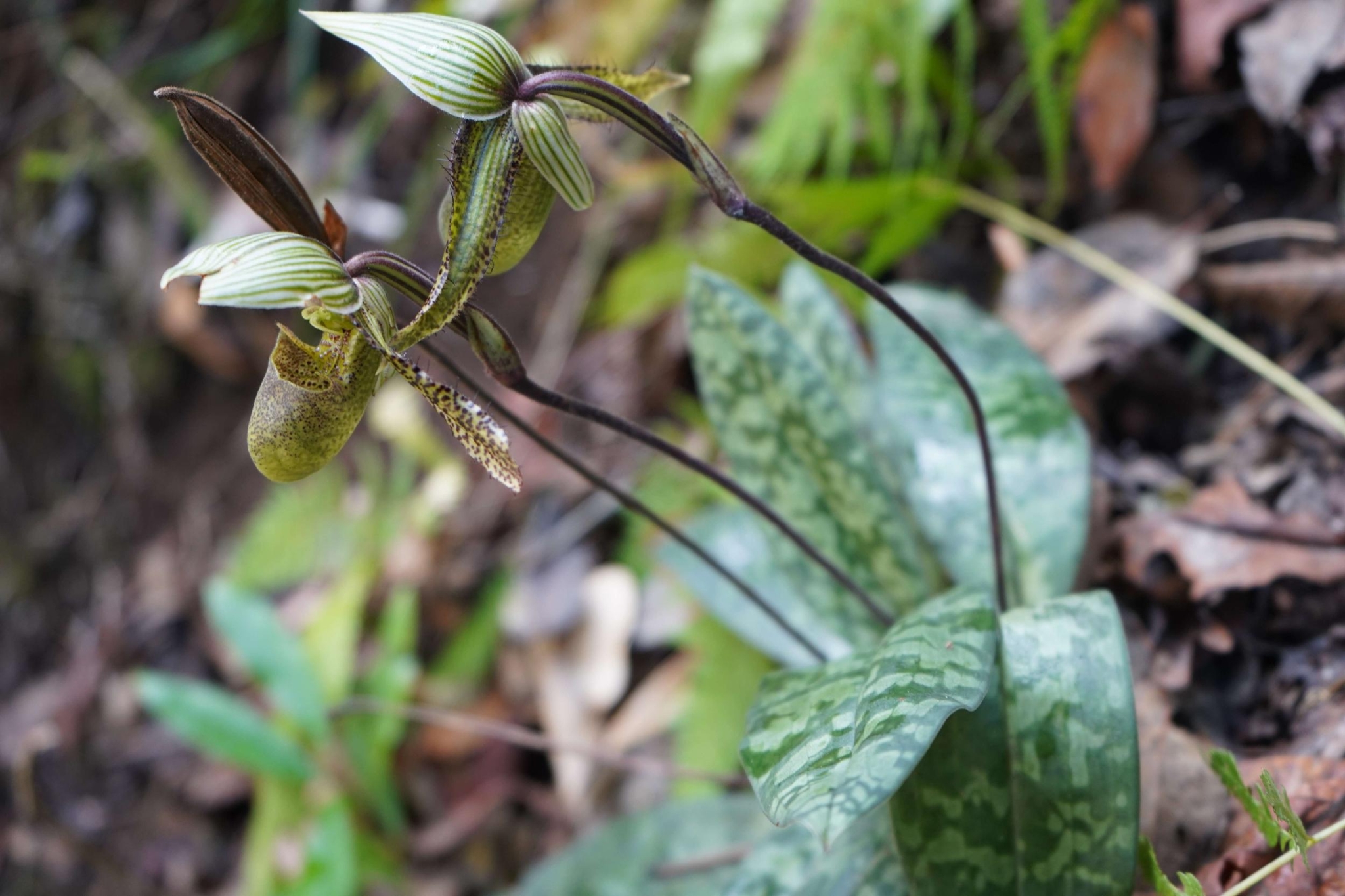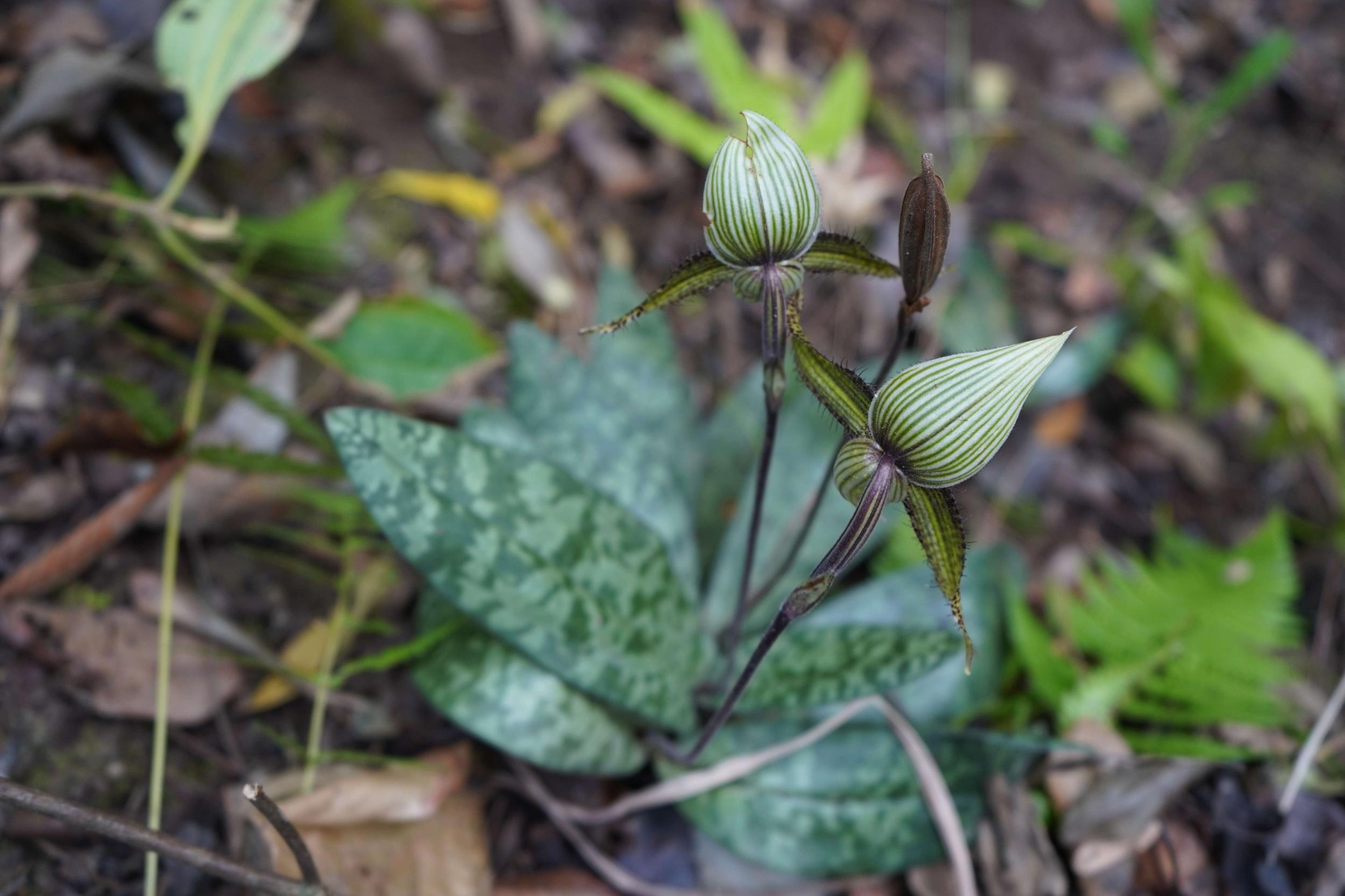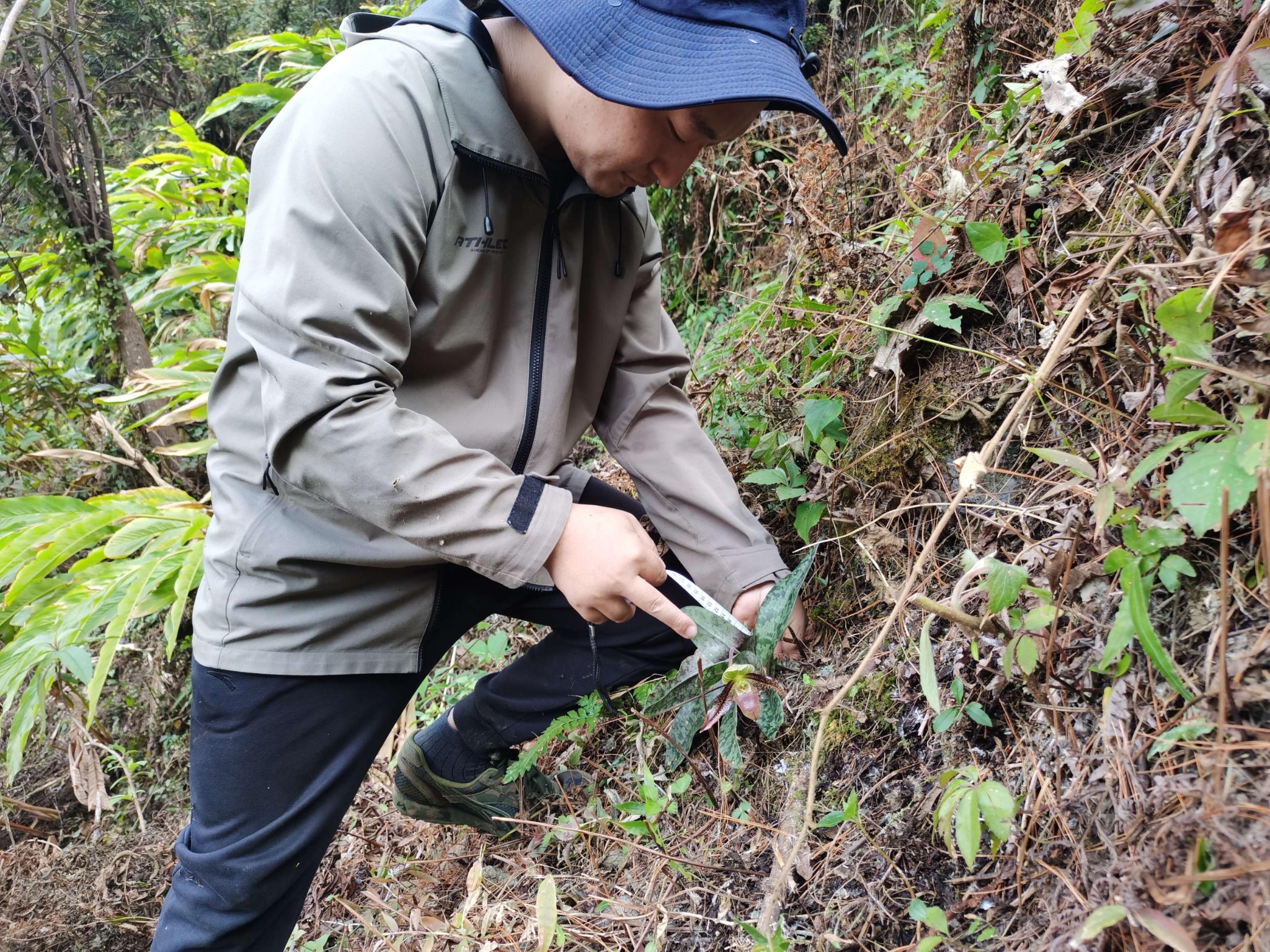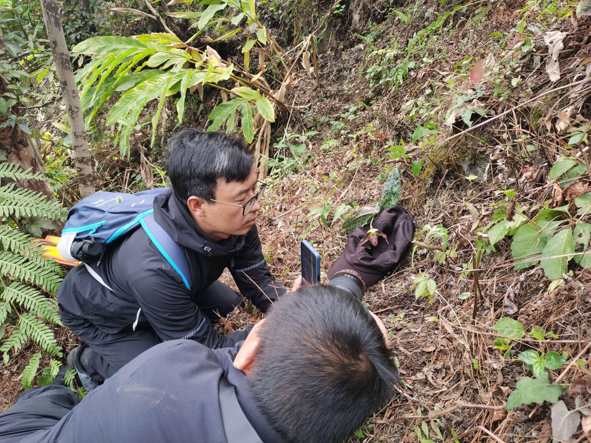 為了調(diào)研野生兜蘭屬植物資源,高黎貢山國(guó)家級(jí)自然保護(hù)區(qū)福貢管護(hù)分局于2023年初就開(kāi)始對(duì)兜蘭進(jìn)行了大量的訪(fǎng)談和調(diào)查。經(jīng)過(guò)兩個(gè)月的走訪(fǎng)和野外調(diào)查,于2月27日,在高黎貢山保護(hù)區(qū)海拔1300多米的山坡草叢中,找到了一種兜蘭。經(jīng)中國(guó)科學(xué)院植物研究所金效華研究員鑒定,確定為國(guó)家一級(jí)重點(diǎn)保護(hù)植物——彩云兜蘭。
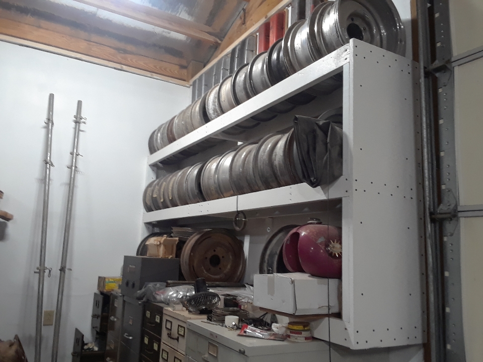 Sort of in the realm of home made stuff is the wheel racks I built over one or the rows of file cabinets:
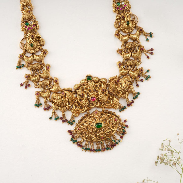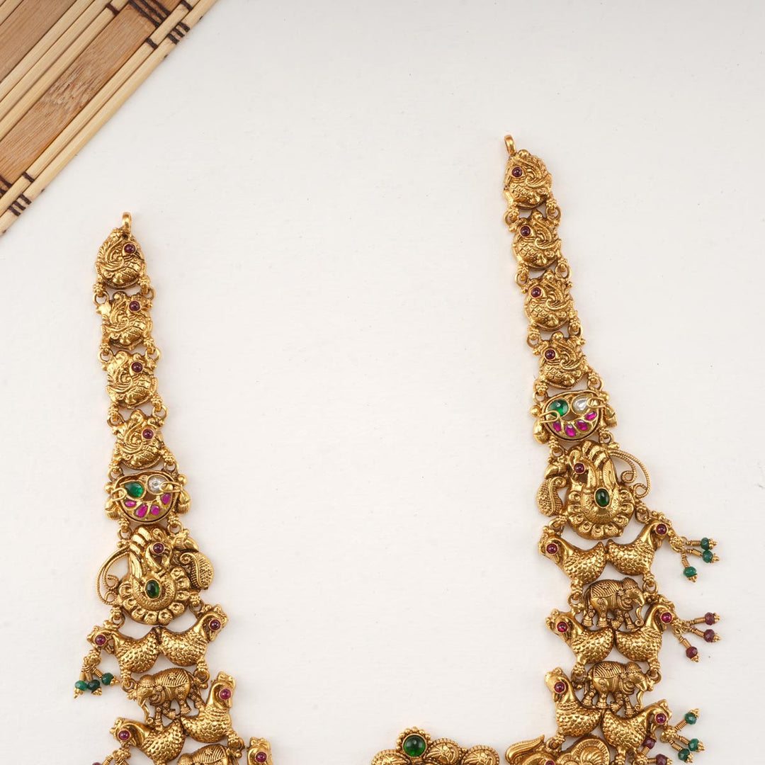 This necklace is made from 92.5 Sterling Silver, accented with semiprecious stones and adorned with a 24-karat gold plating, all on Nagas Jewellery.
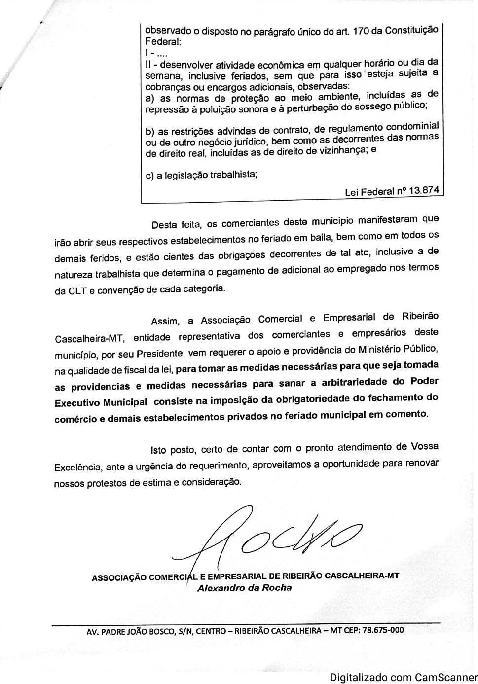 Na ocasião, eles discutiram sobre feriado municipal e a abertura do comércio. Acontece que nesta sexta-feira, 11 de agosto, será feriado municipal na cidade.
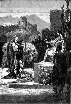 E foi assim que procedeu. Montando no seu corcel, vestido de luzente armadura, Vercingetórix cavalgou para o acampamento do inimigo. César recebeu-o num tablado improvisado, onde sentava num pequeno trono. Ordenou ao vencido que entregasse o cavalo e suas armas a guarda.
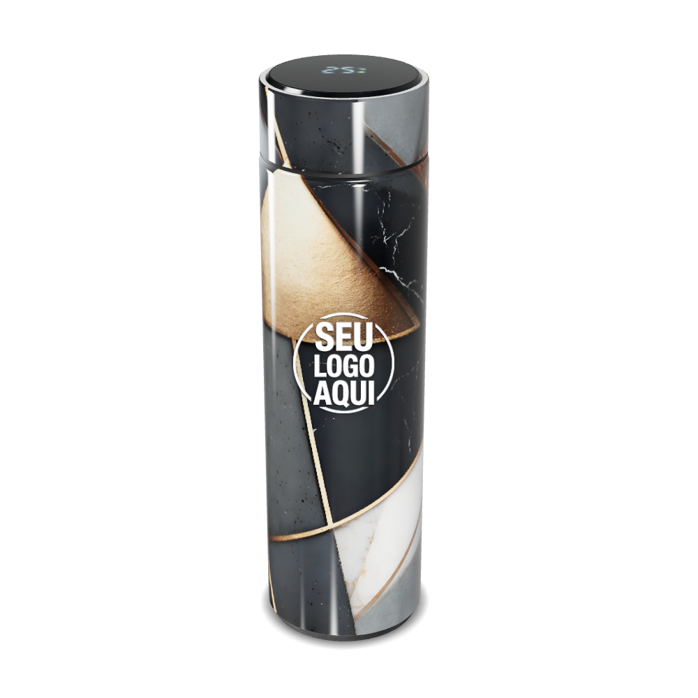 garrafa térmica touch preto e dourado geométrico personalizada

DIRECTIONS
Start at the top of the entries and repeat each line exactly, ending at the line that contains "Sort of in the". Pictures are not part of the copy.

WRITTEN RESPONSE
 為了調(diào)研野生兜蘭屬植物資源,高黎貢山國(guó)家級(jí)自然保護(hù)區(qū)福貢管護(hù)分局于2023年初就開(kāi)始對(duì)兜蘭進(jìn)行了大量的訪(fǎng)談和調(diào)查。經(jīng)過(guò)兩個(gè)月的走訪(fǎng)和野外調(diào)查,于2月27日,在高黎貢山保護(hù)區(qū)海拔1300多米的山坡草叢中,找到了一種兜蘭。經(jīng)中國(guó)科學(xué)院植物研究所金效華研究員鑒定,確定為國(guó)家一級(jí)重點(diǎn)保護(hù)植物——彩云兜蘭。
 Sort of in the realm of home made stuff is the wheel racks I built over one or the rows of file cabinets:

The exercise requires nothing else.